Created on 2021-03-18 18:58 by anentropic, last changed 2022-04-11 14:59 by admin. This issue is now closed.

Messages (7)
msg389034 - (view) Author: Anentropic (anentropic) * Date: 2021-03-18 18:58
We have a Django 2.2.19 project on Python 3.9.2 on Debian (slim-buster) in Docker.

A bizarre problem started happening to us this week.

First I'll show the symptom, we started getting the following error:

...
  File "/root/.pyenv/versions/3.9.2/lib/python3.9/site-packages/django/db/migrations/autodetector.py", line 10, in <module>
    from django.db.migrations.optimizer import MigrationOptimizer
  File "<frozen importlib._bootstrap>", line 1004, in _find_and_load
  File "<frozen importlib._bootstrap>", line 158, in __enter__
  File "<frozen importlib._bootstrap>", line 110, in acquire
KeyError: 140426340123264

If I look at the source for _bootstrap.py, that error should be impossible:
https://github.com/python/cpython/blob/v3.9.2/Lib/importlib/_bootstrap.py#L110

At the top of the acquire method it does:

    tid = _thread.get_ident()
    _blocking_on[tid] = self

and then on line 110 where we get the KeyError:

    del _blocking_on[tid]

both `tid` and `_blocking_on` are local vars and none of the other lines in the method touch them

So how do we get a KeyError?

I can only think that something mutates the underlying value of `tid`, but it's supposed to be an int so that's very weird.

I started with the symptom because our context for this is complicated to explain. I did find a fix that prevents the error but I do not understand the link between cause and effect.

Our context:
- we have a large unit test suite for the project which we run in Jenkins
- we split the tests across several Jenkins nodes to run in parallel in isolated docker environments
- we use some bash to like this to split the test cases:
  find project/ -iname "test*.py" -print0 | \
    xargs --null grep -E '(def test)|(def step_)' -l | \
    split -n "r/$NODE_ID/$NODES" | \
    xargs ci/bin/run-tests
- ci/bin/run-tests is just a wrapper which calls Django's manage.py test command
  so it receives a list of filenames like "project/metrics/tests/test_client.py" as args
- using "nose" test runner via django-nose FWIW

We currently split tests across 3 nodes, and it was always node 2 which would fail.
I found that commenting out a test case in any of the files being passed to node 2 would prevent the error from occurring.
Note that in this case we are still passing *exactly the same filenames* as cli args to the test runner.

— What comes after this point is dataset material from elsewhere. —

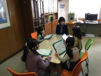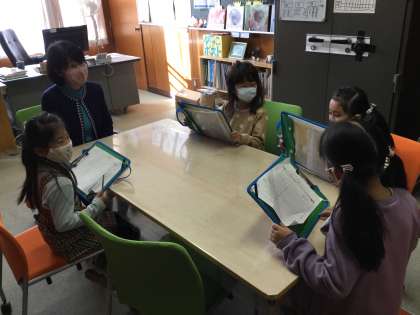 1年生は国語の授業で学校のことを調べたり、インタビューしたりして学校のことを友達に伝える学習をしています。今日は、校長先生、副校長先生、栄養士の先生などにインタビューしてきました。教室でたくさん練習してきた通り、しっかりと質問することができました。分かったことを友達同士でどのように伝え合うことができるか楽しみです。

Splitting the tests across 4 nodes instead of 3 also seems to prevent the error.
So it seems like, in some way I don't understand, we just have too many test cases.
Perhaps nose is doing something wrong or inefficient when given lots of filenames.

But I'm reporting here because the error we get from importlib._bootstrap looks like it should be impossible.
msg389035 - (view) Author: Anentropic (anentropic) * Date: 2021-03-18 19:09
FWIW...

django-nose==1.4.6
nose==1.3.7

The only use of threading I can see in Nose is here:
https://github.com/nose-devs/nose/blob/release_1.3.7/nose/plugins/logcapture.py

But we are passing --nologcapture flag and nosetests echoes that flag back to us at the top of the test run, so I believe the feature is disabled
msg389036 - (view) Author: Anentropic (anentropic) * Date: 2021-03-18 19:14
https://docs.python.org/3/library/_thread.html#_thread.get_ident

> Thread identifiers may be recycled when a thread exits and another thread is created.

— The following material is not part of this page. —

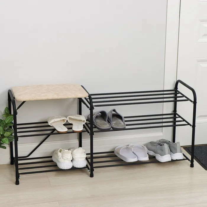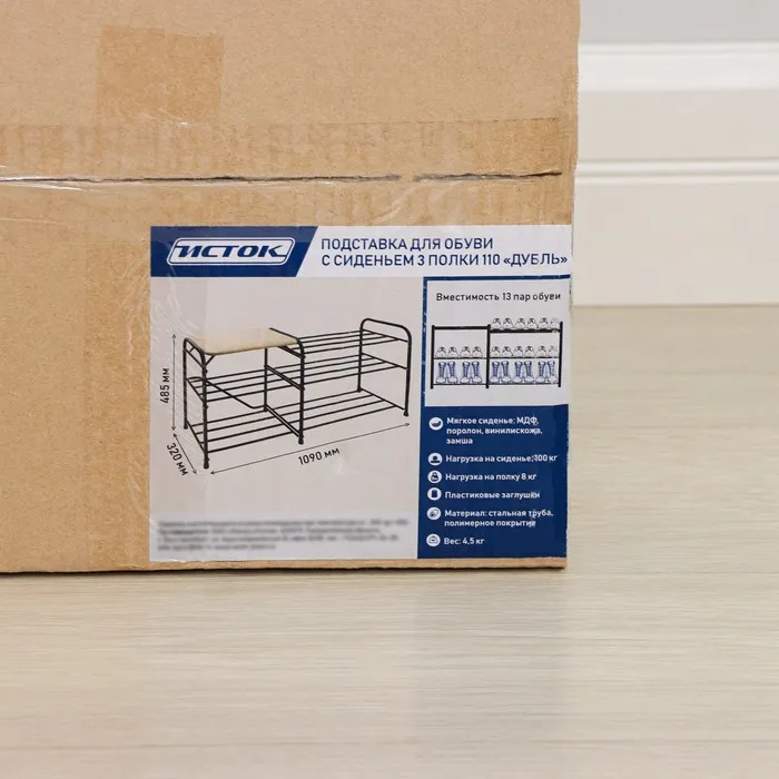Подставка для обуви с сиденьем «Дубль», 3 полки, замша, чёрная — Характеристики

I still don't see how we get that KeyError but it feels like it might be something to do with this
msg389037 - (view) Author: Anentropic (anentropic) * Date: 2021-03-18 19:32
It turns out splitting the tests across 2 nodes rather than 4 also prevents the error.

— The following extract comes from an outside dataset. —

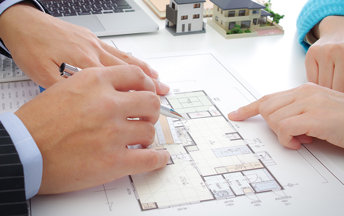 建築士に依頼して、増築部分の設計図面を作成します。平面図、立面図、配置図、構造図などが必要になります。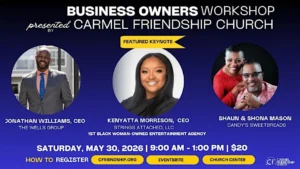 Level up your business strategies and connect with fellow entrepreneurs at the Business Owners Workshop, hosted by Carmel Friendship Church. This insightful event is designed to support business owners with practical tools, guidance, and opportunities to grow and succeed.

So it's not a case of "too many" tests.

So then I think maybe it needs to be a specific number to trigger the error?

And yes, if I duplicate one of our test cases (I mean test method in a TestCase class) so that there is one more than before... that also prevents the error!
msg389038 - (view) Author: Serhiy Storchaka (serhiy.storchaka) * (Python committer) Date: 2021-03-18 19:43
It looks like method _ModuleLock.acquire() was re-entered in the same thread.

* Enter acquire() first time, set _blocking_on[tid].
* Trigger some callback (profiler, debugger, tracemalloc) which uses import and calls acquire() again from the same thread.
* Enter acquire() second time, set _blocking_on[tid].
* Delete _blocking_on[tid] and leave the second acquire().
* Try to leave the first acquire() and delete _blocking_on[tid] again.
msg389067 - (view) Author: Anentropic (anentropic) * Date: 2021-03-19 10:43
Thank you for your explanation.

I am baffled why this has never happened to us before, and why a specific number of test cases should trigger it (comment one out or add an extra one, it goes away).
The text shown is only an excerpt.